* _Task brief_: Set out the listing word for word. End with the line that contains "Spesifikasi Modem Orbit".

•••••

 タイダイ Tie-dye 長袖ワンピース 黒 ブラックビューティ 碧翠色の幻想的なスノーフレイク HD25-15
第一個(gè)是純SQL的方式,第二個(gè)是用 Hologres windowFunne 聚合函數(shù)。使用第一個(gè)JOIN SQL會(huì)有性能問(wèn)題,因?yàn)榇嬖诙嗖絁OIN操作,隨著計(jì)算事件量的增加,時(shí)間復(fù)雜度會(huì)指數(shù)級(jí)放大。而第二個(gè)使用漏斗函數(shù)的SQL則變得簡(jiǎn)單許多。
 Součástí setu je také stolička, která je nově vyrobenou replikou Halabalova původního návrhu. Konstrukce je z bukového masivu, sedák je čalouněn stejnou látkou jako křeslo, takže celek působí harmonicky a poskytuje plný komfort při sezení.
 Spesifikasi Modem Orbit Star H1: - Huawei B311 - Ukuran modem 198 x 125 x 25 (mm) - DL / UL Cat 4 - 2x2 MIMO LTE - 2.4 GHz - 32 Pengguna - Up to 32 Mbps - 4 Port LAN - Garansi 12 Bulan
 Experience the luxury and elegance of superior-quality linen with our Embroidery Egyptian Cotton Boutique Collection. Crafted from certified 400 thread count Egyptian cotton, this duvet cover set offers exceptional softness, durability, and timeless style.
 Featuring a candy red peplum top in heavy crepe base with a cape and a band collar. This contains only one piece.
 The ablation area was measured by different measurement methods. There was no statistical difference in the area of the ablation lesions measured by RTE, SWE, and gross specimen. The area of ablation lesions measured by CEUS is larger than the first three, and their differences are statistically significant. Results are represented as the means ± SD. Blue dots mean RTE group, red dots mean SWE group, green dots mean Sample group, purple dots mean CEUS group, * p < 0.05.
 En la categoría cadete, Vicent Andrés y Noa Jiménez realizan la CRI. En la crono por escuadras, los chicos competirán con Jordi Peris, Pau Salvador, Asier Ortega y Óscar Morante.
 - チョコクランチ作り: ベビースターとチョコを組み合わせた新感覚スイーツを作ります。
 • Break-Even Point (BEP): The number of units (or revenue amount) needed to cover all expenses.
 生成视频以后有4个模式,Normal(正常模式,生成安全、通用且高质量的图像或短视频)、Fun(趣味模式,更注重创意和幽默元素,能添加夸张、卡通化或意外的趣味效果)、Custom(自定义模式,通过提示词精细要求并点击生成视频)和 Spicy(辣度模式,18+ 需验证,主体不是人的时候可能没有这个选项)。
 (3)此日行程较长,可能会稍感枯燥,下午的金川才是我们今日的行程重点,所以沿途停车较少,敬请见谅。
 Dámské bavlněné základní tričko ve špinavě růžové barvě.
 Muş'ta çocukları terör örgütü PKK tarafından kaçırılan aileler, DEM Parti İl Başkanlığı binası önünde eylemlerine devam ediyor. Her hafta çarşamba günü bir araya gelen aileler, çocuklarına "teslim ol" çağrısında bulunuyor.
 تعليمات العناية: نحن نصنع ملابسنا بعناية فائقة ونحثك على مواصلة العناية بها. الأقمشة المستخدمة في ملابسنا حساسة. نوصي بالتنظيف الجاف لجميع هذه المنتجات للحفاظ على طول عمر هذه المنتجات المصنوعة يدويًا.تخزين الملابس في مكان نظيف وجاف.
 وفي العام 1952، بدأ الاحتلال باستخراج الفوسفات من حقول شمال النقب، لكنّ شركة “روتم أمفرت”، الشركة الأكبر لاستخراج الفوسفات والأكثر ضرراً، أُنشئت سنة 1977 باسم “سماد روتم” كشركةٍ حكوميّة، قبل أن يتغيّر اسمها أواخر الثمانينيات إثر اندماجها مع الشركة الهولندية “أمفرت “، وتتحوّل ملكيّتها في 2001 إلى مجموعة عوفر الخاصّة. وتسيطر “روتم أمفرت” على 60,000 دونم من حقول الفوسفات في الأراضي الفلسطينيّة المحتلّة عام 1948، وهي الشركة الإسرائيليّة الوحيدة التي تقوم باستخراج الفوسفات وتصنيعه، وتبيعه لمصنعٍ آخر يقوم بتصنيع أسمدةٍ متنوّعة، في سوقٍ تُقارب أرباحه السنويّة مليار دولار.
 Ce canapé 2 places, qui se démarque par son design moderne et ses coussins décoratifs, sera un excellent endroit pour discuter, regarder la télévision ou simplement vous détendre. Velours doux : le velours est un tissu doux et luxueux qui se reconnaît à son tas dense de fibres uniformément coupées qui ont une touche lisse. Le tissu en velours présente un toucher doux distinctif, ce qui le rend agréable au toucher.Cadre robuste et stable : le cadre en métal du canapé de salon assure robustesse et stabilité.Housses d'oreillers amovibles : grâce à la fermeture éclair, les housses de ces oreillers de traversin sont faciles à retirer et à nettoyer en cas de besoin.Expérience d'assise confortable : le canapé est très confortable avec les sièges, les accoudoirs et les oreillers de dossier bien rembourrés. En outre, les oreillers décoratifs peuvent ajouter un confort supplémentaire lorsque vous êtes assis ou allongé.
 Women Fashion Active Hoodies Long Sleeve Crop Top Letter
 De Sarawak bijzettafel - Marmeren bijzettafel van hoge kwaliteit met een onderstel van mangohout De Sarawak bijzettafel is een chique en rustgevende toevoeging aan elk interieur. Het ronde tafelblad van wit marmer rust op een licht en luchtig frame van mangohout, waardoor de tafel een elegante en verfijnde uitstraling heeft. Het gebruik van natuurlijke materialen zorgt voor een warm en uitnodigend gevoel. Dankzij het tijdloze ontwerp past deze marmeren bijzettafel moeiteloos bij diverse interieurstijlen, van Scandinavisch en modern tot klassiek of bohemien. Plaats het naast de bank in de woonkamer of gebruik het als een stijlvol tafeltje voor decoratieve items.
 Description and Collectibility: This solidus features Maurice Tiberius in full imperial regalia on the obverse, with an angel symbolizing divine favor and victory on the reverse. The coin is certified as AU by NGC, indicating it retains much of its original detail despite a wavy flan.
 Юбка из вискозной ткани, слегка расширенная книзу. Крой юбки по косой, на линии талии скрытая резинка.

•••••

* _Task result_:
 タイダイ Tie-dye 長袖ワンピース 黒 ブラックビューティ 碧翠色の幻想的なスノーフレイク HD25-15
第一個(gè)是純SQL的方式,第二個(gè)是用 Hologres windowFunne 聚合函數(shù)。使用第一個(gè)JOIN SQL會(huì)有性能問(wèn)題,因?yàn)榇嬖诙嗖絁OIN操作,隨著計(jì)算事件量的增加,時(shí)間復(fù)雜度會(huì)指數(shù)級(jí)放大。而第二個(gè)使用漏斗函數(shù)的SQL則變得簡(jiǎn)單許多。
 Součástí setu je také stolička, která je nově vyrobenou replikou Halabalova původního návrhu. Konstrukce je z bukového masivu, sedák je čalouněn stejnou látkou jako křeslo, takže celek působí harmonicky a poskytuje plný komfort při sezení.
 Spesifikasi Modem Orbit Star H1: - Huawei B311 - Ukuran modem 198 x 125 x 25 (mm) - DL / UL Cat 4 - 2x2 MIMO LTE - 2.4 GHz - 32 Pengguna - Up to 32 Mbps - 4 Port LAN - Garansi 12 Bulan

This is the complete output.